On 30 September 1986 it merged with the Diocese of Macerata-Tolentino, the Diocese of Osimo e Cingoli and the Diocese of San Severino to form the Diocese of Macerata-Tolentino-Recanati-Cingoli-Treia, abolishing the status aequaliter principaliter, resulting in there being one diocese and one bishop.[18]

Chapter and cathedralEdit

The bull which created the cathedral of S. Flaviano in Recanati did not mention the new cathedral Chapter. In a document of 10 September 1256, however, appear the signatures of Paolo di Tedelgardo, Prior of the Chapter, and ten Canons. In an act of 14 April 1290 appear the signatures of Archdeacon Corrado and sixteen Canons.[19] When the diocese was restored and made part of the Diocese of Macerata e Recanati in 1356, the Cathedral of Macerata had an Archdeacon and eight Canons, while the co-cathedral in Recanati had a Provost and eight Canons. The Provost of Recanati was also Archpriest of the cathedral. In the mid-fifteenth century the Chapter of Recanati was again headed by an Archdeacon, but in 1467 the archdiaconate was suppressed, and the principal dignity of the Chapter was again the Provost.[20] The archdiaconate was restored in 1518, by Bishop Luigi Tasso (1516–1520), who also issued new regulations for Canons and Altaristi.[21] When the seat of the bishop was in Macerata, the services in the Cathedral of S. Flaviano in Recanati were maintained by the College of Mansionarii (Altaristi), fourteen in number[22]

In 1682, the Chapter of Recanati had four dignities (Provost, Archdeacon, Archpriest, Dean[23]) and twelve Canons, while the Chapter of Loreto had four dignities and seventeen Canons.[24] In 1746, the Chapter of Recanati had four dignities and eighteen Canons, while the Chapter of Loreto had four dignities and twenty Canons.[25]

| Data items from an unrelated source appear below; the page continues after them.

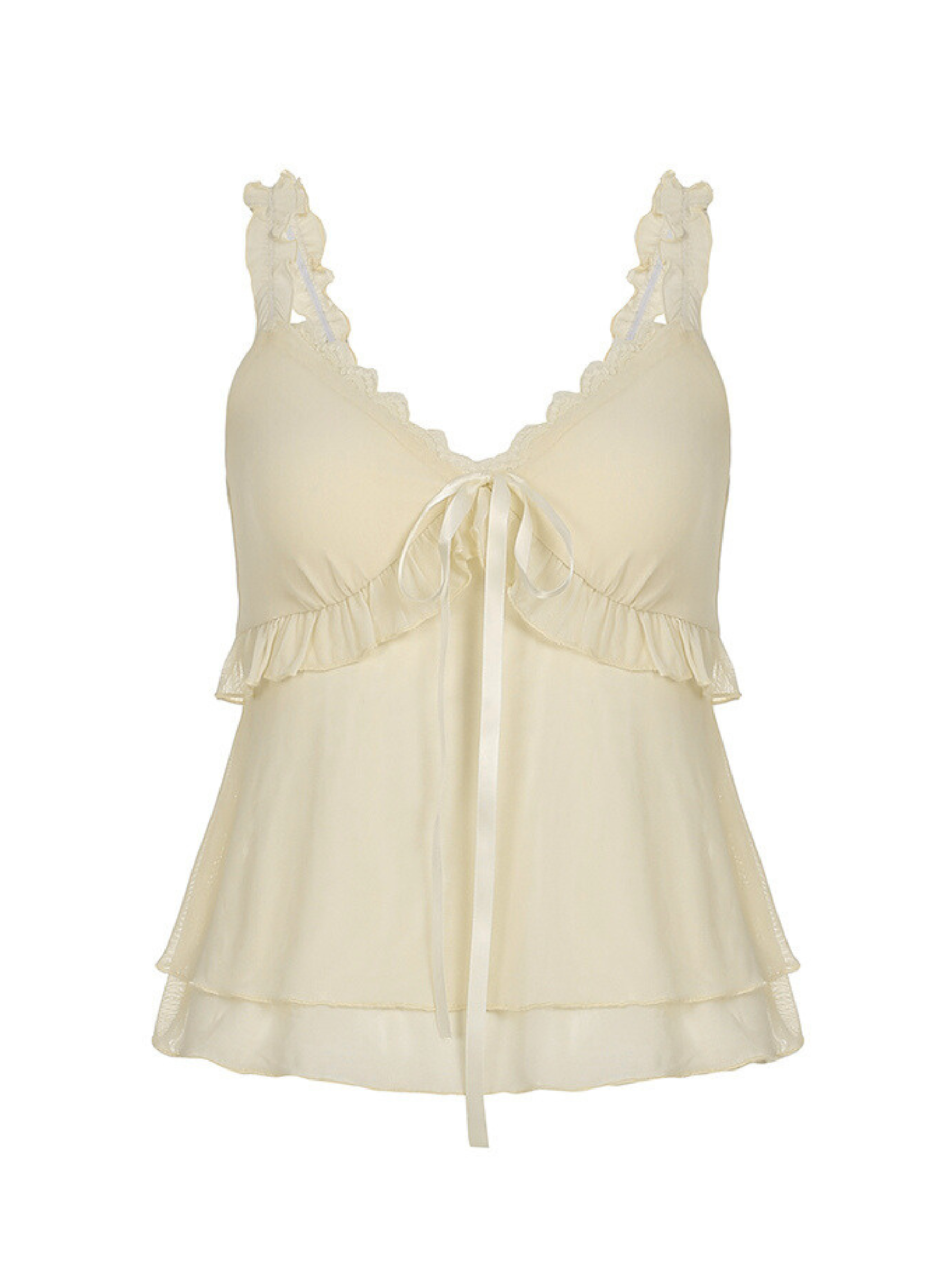 The Natalie Ruffle Bow Mesh Top is a dreamy blend of softness and feminine charm. Crafted in a light yellow hue. this top features delicate ruffle straps and lace-trimmed details. making it the perfect piece for a flirty. carefree vibe. The ribbon-tie front and flowy double-layer chiffon design add a playful touch. while the lightweight fabric keeps things breezy for summer days and sunset dates.
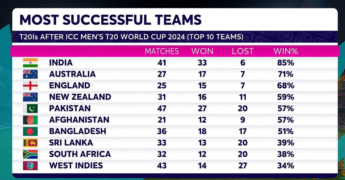 ടി-20 ക്രിക്കറ്റില് വമ്പന് ഡോമിനേഷനുമായാണ് നിലവില് ഇന്ത്യ മുന്നോട്ട് പോകുന്നത്. ഇതോടെ ഇത്തവണ ലോകകപ്പിന് ഇറങ്ങുന്നതിന് മുമ്പേ ഒരു തകര്പ്പന് റെക്കോഡും ഇന്ത്യ സ്വന്തമാക്കിയിരിക്കുകയാണ്. 2024 ടി-20 ലോകകപ്പിന് ശേഷം ഏറ്റവും വിജയകരമായ ടീമാകാനാണ് ഇന്ത്യയ്ക്ക് സാധിച്ചത് (ആദ്യത്തെ മികച്ച 10 ടീമുകളില് നിന്ന്).
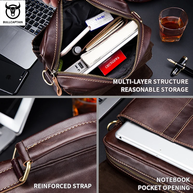 BULLCAPTAIN Borsa a tracolla in pelle da uomo, borsa a tracolla da lavoro retrò, borsa per studenti giovanili casual alla moda di grande capacità

There had also been a College of Canons at the church of S. Vitus, but in 1461 the Canons were assimilated to the cathedral Chapter. Their Cantor, however, did not become one of the Canons.[26]


A diocesan synod was an irregularly held, but important, meeting of the bishop of a diocese and his clergy. Its purpose was (1) to proclaim generally the various decrees already issued by the bishop; (2) to discuss and ratify measures on which the bishop chose to consult with his clergy; (3) to publish statutes and decrees of the diocesan synod, of the provincial synod, and of the Holy See.[27]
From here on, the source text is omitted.